There will no longer be any Duterte bashing from outgoing President Aquino at least for a year.
For the love of the country, President Aquino has decided to give his successor, Rodrigo Duterte, a yearlong honeymoon period to give him greater leeway to govern the country.
The President, who will end his six-year term on June 30, said it was in the country’s best interest to give the next administration a boost as it starts governance.
“We are all patriots.
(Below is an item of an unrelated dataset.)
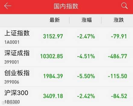 昨日两市股指大幅下跌,上证指数失守3200点,创业板指更是跌破2000点大关。截止收盘,上证指数跌2.47%,报3152.97点;深证成指跌4.51%,报10302.85点;而创业板指跌5.50%,报1984.39点。

It’s in our interest to help you,” the President said in an interview with The Wall Street Journal last Thursday in Malacañang when asked about his advice to the country’s next president.
“Actually, I think I’m violating my self-imposed rule that I will keep my mouth quiet at least for a year cause I’d like to afford him that which wasn’t afforded to me where I was nitpicked and criticized even before I stepped into office,” Aquino added.
Still, Aquino expressed hope that Duterte “will do all of the right things that makes it easy for people to support him.”
Aquino said he does not see any conflict with Duterte for as long as “we are marching in the sense in that direction of really uplifting the lot of our people.”
The President opted to give his successor a chance to prove his worth even after strongly campaigning against Duterte’s presidential bid due to his alleged dictatorial tendency. Aquino, a few days before the May polls, warned he would fight any return of dictatorship and other abuses even at the cost of his life.
Duterte, the tough-talking mayor of Davao City who promised a strong law and order campaign, won the presidency by a landslide, defeating Aquino’s chosen one Liberal Party standard bearer Mar Roxas.
The President has earlier promised to facilitate the smoothest transition to the incoming administration and give Duterte a leg up at the start of his term.
Given the administration’s accomplishments on economic growth, poverty reduction, among others, Aquino maintained that his successor will have lesser problems in office than he had when he started in 2010.
“At the very least, I think we have fulfilled our promise of leaving something better, doing better than what we found,” he said.
“You will have a more capacitated and empowered, not just people, but society, even the institutions, that will make the job of governing, if not a lot easier, definitely easier than what we found,” he added.